Task: Repeat exactly, and only, the lines of the entries below from the one with "Pope Gregory's grave" through the one with "Prélever une noisette", both ends included.

Dataset entries:
•••
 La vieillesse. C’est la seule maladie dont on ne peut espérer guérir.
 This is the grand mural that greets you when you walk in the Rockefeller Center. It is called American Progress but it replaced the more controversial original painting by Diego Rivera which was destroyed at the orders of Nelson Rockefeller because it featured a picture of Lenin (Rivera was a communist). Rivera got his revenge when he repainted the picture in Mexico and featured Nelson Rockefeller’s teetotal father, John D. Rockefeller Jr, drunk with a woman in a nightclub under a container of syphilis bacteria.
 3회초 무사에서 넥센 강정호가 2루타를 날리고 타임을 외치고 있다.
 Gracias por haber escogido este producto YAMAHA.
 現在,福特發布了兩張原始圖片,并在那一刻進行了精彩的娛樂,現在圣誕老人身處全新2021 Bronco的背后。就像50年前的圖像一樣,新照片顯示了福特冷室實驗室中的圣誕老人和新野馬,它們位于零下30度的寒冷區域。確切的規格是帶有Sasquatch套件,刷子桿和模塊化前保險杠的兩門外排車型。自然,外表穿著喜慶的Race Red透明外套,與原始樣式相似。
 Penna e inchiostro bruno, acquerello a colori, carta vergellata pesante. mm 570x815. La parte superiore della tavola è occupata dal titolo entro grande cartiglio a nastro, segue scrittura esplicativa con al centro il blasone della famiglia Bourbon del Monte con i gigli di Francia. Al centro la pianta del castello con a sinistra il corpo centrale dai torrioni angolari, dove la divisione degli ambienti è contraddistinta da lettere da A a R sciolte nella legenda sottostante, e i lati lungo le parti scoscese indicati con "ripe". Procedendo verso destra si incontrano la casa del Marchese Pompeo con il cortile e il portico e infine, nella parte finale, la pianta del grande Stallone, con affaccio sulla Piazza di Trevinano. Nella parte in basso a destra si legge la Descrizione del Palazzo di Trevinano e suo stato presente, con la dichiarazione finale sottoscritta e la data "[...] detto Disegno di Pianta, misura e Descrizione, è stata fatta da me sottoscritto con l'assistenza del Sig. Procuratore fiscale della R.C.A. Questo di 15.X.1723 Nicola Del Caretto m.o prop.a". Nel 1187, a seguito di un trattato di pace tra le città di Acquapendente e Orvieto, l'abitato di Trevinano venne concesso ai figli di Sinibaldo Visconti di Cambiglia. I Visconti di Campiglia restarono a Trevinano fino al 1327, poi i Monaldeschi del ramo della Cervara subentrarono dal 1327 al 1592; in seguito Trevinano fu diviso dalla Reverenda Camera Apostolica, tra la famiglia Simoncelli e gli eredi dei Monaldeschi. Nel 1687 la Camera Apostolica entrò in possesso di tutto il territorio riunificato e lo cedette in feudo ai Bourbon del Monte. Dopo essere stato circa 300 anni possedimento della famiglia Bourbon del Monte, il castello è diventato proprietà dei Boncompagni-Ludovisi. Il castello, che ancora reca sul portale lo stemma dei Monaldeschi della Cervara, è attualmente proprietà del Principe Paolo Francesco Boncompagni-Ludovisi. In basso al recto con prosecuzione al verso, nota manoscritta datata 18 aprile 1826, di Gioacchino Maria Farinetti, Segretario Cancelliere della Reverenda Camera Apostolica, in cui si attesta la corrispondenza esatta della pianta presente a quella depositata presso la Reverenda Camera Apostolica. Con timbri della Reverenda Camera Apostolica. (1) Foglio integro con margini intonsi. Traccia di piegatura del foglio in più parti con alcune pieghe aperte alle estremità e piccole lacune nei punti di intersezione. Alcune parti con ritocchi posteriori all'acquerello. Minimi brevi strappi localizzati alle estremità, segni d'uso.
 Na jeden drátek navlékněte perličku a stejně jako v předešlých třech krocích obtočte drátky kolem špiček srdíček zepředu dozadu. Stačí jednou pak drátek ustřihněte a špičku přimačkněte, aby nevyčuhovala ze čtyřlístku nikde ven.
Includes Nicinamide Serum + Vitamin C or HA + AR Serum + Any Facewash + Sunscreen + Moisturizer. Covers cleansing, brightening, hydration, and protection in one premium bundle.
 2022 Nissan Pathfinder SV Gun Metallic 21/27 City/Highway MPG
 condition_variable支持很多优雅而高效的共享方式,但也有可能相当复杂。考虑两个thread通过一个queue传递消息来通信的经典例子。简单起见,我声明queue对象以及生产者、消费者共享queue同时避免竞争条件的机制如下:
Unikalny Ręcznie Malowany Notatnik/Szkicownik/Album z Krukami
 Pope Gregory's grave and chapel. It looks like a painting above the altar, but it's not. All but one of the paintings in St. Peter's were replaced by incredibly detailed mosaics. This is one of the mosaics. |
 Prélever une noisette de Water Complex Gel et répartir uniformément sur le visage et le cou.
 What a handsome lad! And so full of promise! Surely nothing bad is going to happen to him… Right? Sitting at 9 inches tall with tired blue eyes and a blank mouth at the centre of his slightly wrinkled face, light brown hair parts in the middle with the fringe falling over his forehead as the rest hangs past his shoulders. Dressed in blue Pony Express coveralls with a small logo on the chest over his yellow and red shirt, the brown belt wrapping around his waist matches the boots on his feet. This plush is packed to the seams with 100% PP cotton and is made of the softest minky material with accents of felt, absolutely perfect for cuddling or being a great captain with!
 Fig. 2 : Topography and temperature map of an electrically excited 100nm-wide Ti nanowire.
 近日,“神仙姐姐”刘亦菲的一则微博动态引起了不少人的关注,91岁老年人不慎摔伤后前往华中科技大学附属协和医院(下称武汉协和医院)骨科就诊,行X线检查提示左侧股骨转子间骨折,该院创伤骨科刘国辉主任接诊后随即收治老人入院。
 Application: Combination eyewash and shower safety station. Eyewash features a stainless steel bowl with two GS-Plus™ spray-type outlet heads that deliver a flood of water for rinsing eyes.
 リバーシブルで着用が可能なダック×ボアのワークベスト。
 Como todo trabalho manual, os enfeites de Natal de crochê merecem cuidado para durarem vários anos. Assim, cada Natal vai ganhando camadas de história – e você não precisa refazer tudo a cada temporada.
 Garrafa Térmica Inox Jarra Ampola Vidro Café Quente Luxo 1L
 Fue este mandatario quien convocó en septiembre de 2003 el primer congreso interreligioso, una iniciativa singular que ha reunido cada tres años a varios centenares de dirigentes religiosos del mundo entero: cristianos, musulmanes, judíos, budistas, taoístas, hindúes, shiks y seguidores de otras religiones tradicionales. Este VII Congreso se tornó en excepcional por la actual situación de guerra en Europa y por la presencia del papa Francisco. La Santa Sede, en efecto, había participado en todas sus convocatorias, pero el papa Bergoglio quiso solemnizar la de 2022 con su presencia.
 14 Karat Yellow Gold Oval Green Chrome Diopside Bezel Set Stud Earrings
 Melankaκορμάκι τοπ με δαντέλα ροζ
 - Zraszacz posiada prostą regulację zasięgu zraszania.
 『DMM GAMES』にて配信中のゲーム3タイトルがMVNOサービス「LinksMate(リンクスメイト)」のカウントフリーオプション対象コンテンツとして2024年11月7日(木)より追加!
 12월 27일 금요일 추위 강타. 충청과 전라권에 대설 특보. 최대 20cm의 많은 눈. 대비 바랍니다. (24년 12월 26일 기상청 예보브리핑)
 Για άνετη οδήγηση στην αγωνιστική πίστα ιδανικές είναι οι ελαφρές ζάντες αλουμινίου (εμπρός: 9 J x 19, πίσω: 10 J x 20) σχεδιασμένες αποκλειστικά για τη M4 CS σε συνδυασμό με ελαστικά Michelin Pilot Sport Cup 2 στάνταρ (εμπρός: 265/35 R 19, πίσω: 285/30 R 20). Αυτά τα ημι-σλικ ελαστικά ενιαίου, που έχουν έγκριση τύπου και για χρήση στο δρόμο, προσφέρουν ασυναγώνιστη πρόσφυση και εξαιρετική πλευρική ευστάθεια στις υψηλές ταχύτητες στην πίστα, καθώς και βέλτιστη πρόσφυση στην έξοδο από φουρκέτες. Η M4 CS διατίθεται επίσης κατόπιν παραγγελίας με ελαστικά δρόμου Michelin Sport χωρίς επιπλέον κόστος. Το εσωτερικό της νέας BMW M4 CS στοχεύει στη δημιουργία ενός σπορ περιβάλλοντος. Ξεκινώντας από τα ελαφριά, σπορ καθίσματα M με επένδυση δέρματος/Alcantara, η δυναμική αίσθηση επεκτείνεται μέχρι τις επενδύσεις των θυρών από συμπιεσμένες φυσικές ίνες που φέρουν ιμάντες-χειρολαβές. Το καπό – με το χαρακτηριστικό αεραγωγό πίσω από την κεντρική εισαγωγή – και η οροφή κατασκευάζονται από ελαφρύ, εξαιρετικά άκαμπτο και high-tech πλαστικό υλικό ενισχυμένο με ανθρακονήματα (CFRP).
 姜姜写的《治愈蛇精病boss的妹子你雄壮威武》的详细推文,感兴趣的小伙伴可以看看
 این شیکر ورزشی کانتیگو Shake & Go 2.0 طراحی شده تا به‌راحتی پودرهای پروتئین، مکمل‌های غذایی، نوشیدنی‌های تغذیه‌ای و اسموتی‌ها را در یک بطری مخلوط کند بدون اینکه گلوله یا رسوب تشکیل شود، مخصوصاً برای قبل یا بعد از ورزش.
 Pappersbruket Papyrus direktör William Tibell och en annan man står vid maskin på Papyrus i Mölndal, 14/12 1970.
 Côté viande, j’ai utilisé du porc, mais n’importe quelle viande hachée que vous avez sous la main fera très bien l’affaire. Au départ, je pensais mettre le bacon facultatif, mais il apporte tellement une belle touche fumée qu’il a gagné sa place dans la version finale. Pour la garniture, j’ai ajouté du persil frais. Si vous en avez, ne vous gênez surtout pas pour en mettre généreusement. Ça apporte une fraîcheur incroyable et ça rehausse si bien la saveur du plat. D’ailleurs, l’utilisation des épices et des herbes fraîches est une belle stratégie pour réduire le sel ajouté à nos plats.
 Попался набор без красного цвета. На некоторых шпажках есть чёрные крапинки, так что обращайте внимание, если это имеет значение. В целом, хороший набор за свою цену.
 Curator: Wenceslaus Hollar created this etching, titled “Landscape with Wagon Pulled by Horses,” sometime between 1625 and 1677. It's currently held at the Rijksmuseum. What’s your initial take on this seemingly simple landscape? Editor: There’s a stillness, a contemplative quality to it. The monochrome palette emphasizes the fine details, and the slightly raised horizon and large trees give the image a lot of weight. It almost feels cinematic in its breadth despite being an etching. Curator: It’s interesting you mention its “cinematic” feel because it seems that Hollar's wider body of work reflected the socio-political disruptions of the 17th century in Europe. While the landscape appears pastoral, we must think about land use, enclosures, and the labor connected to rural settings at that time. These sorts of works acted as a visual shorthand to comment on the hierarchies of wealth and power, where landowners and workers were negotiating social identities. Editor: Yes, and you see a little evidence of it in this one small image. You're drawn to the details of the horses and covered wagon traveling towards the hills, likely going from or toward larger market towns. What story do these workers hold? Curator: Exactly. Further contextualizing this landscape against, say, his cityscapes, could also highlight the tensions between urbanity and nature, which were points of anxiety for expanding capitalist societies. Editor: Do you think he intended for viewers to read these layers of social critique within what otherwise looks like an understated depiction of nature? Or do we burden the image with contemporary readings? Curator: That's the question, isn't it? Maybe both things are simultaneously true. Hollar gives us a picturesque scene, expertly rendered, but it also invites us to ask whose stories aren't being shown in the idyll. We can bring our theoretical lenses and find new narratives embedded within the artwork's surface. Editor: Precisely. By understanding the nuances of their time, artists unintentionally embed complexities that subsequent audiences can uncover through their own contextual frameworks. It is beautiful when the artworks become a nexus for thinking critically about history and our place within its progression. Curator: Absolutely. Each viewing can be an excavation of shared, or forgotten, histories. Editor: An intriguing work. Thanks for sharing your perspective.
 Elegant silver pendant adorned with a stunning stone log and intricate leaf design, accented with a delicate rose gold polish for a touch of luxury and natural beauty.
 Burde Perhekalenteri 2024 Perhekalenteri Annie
•••
Output for this exercise:
 Pope Gregory's grave and chapel. It looks like a painting above the altar, but it's not. All but one of the paintings in St. Peter's were replaced by incredibly detailed mosaics. This is one of the mosaics. |
 Prélever une noisette de Water Complex Gel et répartir uniformément sur le visage et le cou.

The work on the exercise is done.